The Turnpike House
 

 

 CHAPTER VI.

MR. CASS SPEAKS.

 

Jennie Brawn sat in her bedroom with an agonised took on her face, with inky fingers and tumbled hair. Miss Brawn was courting the Muse.

As yet she had had but ill success, for the Muse was not in a kindly mood.

"If, dear, thou should'st unhappy be, Remember me, Remember me!" murmured the poetess. "I think that will do for a refrain. But how am I to begin? Ah!" with a sudden inspiration. "Spring in the first verse, summer and roses in the second, then winter and dying for an effective finish." And she began to thresh out the first lines.

"The spring is flowering all the world----"

"Humph!" she broke off. "That sounds as though spring were a baker! I must try again."

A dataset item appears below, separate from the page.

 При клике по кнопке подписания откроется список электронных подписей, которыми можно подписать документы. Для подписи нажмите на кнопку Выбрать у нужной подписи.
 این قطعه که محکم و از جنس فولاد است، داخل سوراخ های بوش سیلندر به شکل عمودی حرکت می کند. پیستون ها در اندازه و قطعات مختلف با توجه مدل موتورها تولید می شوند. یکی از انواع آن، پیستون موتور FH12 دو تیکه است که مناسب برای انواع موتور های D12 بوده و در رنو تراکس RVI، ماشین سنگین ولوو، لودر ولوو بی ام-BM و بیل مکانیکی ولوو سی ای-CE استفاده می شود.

But before she could think of an alternative line the door burst open and Ruth rushed in violently, all on fire with excitement. "Jennie! Jennie! she cried, plumping down on the bed. I've had a proposal!"

"Oh!" Jennie, quite phlegmatic, laid down her pen. "Geoffrey Heron has you to be his wife?"

"That is the plain English of it, I suppose," Ruth said, impatiently. "Of course I said 'No.'"

"Of course you did," remarked the prosaic Miss Brawn. For prosaic she was in ordinary matters, in spite of her poetic gift. "You are in love with the Master?" She put this in the form of a query.

"Haven't I told you a thousand times!" cried Miss Cass. "I love him as dearly as he loves me."

"That's a pity."

"Why is it a pity?" asked the girl, her face flushing.